Paraba caapora

Scientific classification
- Kingdom: Animalia
- Phylum: Platyhelminthes
- Order: Tricladida
- Family: Geoplanidae
- Genus: Paraparaba
- Species: P. caapora
- Binomial name: Paraba caapora (Froehlich, 1957) Carbayo et al, 2013
- Synonyms: Geoplana (Geoplana) caapora Froehlich, 1957 ;

= Paraba caapora =

- Authority: (Froehlich, 1957) Carbayo et al, 2013

Species of flatworm

Paraba caapora is a species of land planarian belonging to the subfamily Geoplaninae. It is found within Brazil.

==Description==
Paraba caapora has a broad body with subparallel margins, reaching up to 21 mm in length. Both ends of the body are blunt. The dorsum is a light brown color, and the marginal zone is dark grey, with several light spots marking halos of the eyes. At the middle of that zone, the grey darkens into an almost black color.
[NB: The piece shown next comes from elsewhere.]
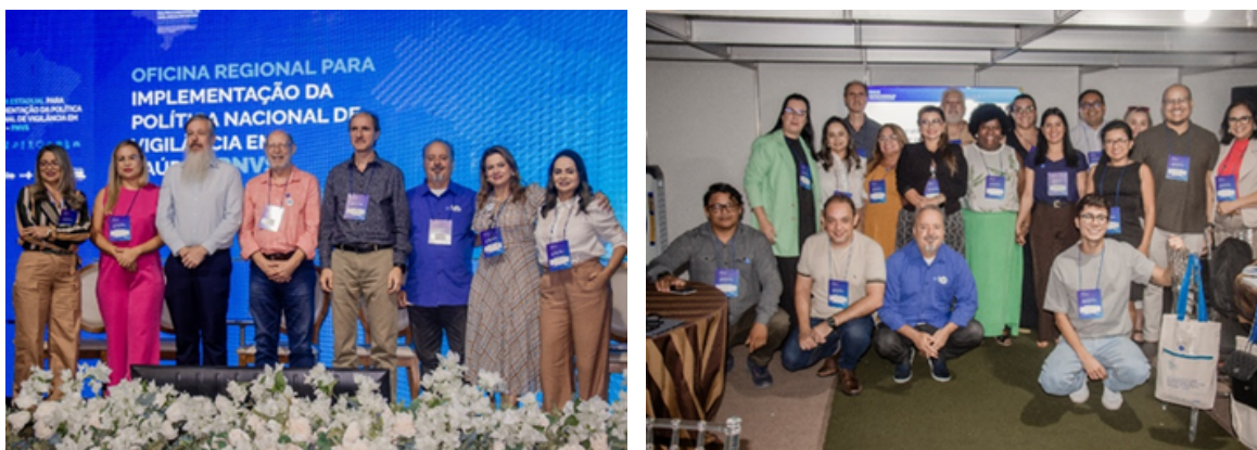
Figura 2 - Oficina Estadual para Implementação da Política Nacional de Vigilância em Saúde (PNVS) em Macapá, Amapá.

A oficina, que também ocorrerá em outros estados de diferentes regiões do País ao longo do ano de 2025, reforçou a importância da colaboração entre diferentes esferas de governo e profissionais de saúde para garantir a eficácia da PNVS e promover a equidade nos serviços de saúde.

The middle of the dorsum in general has irregular grey to black mottled patches. The front end is mottled as well. The ventral side of the body is light grey.

==Etymology==
The origin of the specific epithet is not specified in the original description. Due to the fact that the species was not discovered near the municipality of Caaporã, the name could be derived from the Tupi-Guarani words caá and pora, which translates literally to "bush dweller".